◆ **What is expected**
Omit every picture. Return all other data as it stands.

◆ **Data**
== Segment start ==

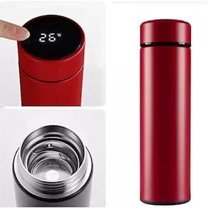Garrafa térmica squeeze medidor temperatura 500ml inox verm
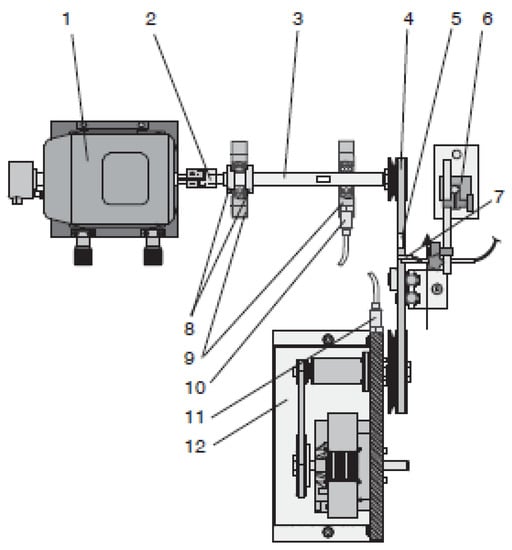 Setup for simulation of vibrations from belt drive. It consists of drive unit (1), elastic claw coupling (2), short shaft (3), small belt pulley for belt drive with V-belt (4), reflective mark on the V-belt (5), magnetic clamp with steel plate (6), reference sensor aligned with reflective mark on V-belt (7), setting rings for axial attachment (8), bearing block (9), acceleration sensor 1 and 2 (10/11), and brake and load unit (12).
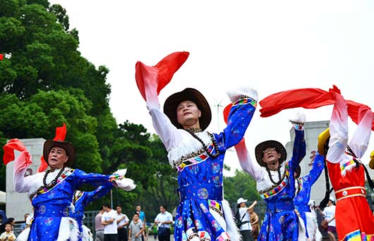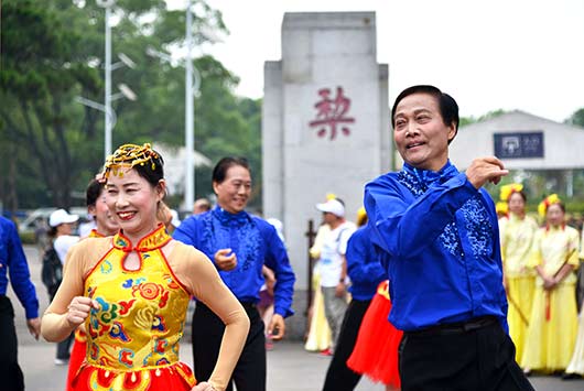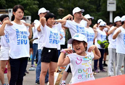 武汉市居民宣读“每天一万步 健康荆楚行”倡议书

== Segment end ==

◆ **Response area**
Garrafa térmica squeeze medidor temperatura 500ml inox verm
 Setup for simulation of vibrations from belt drive. It consists of drive unit (1), elastic claw coupling (2), short shaft (3), small belt pulley for belt drive with V-belt (4), reflective mark on the V-belt (5), magnetic clamp with steel plate (6), reference sensor aligned with reflective mark on V-belt (7), setting rings for axial attachment (8), bearing block (9), acceleration sensor 1 and 2 (10/11), and brake and load unit (12).
 武汉市居民宣读“每天一万步 健康荆楚行”倡议书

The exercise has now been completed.